[RECORDED DATA]
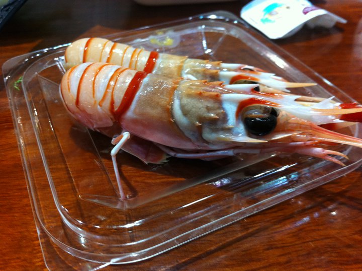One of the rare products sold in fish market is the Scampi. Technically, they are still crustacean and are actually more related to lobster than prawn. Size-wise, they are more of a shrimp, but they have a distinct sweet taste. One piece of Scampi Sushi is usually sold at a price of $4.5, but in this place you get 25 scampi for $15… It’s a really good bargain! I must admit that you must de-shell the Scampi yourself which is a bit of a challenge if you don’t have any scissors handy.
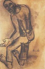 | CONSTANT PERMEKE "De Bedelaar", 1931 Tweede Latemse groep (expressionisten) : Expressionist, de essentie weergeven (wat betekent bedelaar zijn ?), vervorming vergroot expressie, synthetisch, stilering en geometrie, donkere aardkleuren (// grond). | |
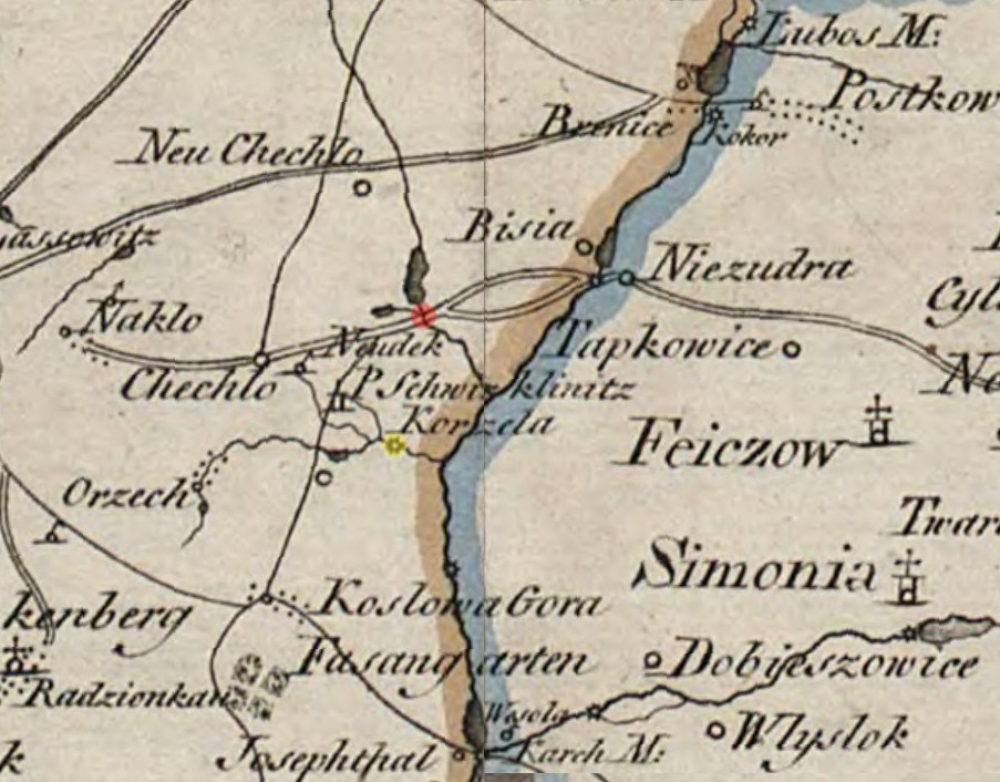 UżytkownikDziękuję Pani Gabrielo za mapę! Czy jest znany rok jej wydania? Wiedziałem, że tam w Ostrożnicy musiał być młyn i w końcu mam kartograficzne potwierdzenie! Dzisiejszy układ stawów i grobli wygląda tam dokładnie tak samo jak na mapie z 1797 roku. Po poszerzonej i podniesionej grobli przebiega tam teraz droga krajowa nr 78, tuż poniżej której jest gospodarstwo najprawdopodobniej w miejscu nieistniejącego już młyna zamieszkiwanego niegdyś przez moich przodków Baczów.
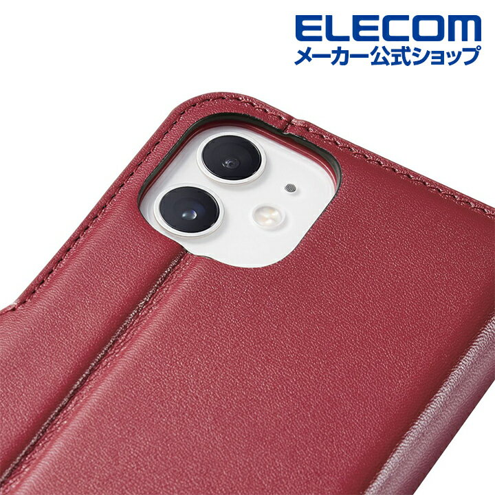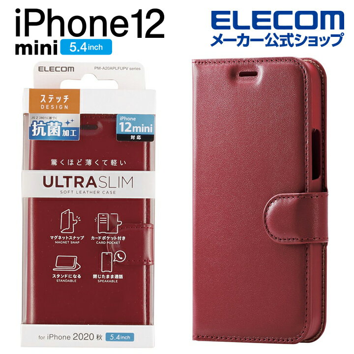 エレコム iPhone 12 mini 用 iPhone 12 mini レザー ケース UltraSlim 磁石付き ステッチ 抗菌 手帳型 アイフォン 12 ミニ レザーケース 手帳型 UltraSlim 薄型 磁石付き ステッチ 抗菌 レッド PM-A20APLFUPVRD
[/RECORDED DATA]
- YOUR ASSIGNMENT: The job here is to retype the data exactly, with no pictures included.

- PROBLEM SOLUTION:
One of the rare products sold in fish market is the Scampi. Technically, they are still crustacean and are actually more related to lobster than prawn. Size-wise, they are more of a shrimp, but they have a distinct sweet taste. One piece of Scampi Sushi is usually sold at a price of $4.5, but in this place you get 25 scampi for $15… It’s a really good bargain! I must admit that you must de-shell the Scampi yourself which is a bit of a challenge if you don’t have any scissors handy.
 | CONSTANT PERMEKE "De Bedelaar", 1931 Tweede Latemse groep (expressionisten) : Expressionist, de essentie weergeven (wat betekent bedelaar zijn ?), vervorming vergroot expressie, synthetisch, stilering en geometrie, donkere aardkleuren (// grond). | |
 UżytkownikDziękuję Pani Gabrielo za mapę! Czy jest znany rok jej wydania? Wiedziałem, że tam w Ostrożnicy musiał być młyn i w końcu mam kartograficzne potwierdzenie! Dzisiejszy układ stawów i grobli wygląda tam dokładnie tak samo jak na mapie z 1797 roku. Po poszerzonej i podniesionej grobli przebiega tam teraz droga krajowa nr 78, tuż poniżej której jest gospodarstwo najprawdopodobniej w miejscu nieistniejącego już młyna zamieszkiwanego niegdyś przez moich przodków Baczów.
 エレコム iPhone 12 mini 用 iPhone 12 mini レザー ケース UltraSlim 磁石付き ステッチ 抗菌 手帳型 アイフォン 12 ミニ レザーケース 手帳型 UltraSlim 薄型 磁石付き ステッチ 抗菌 レッド PM-A20APLFUPVRD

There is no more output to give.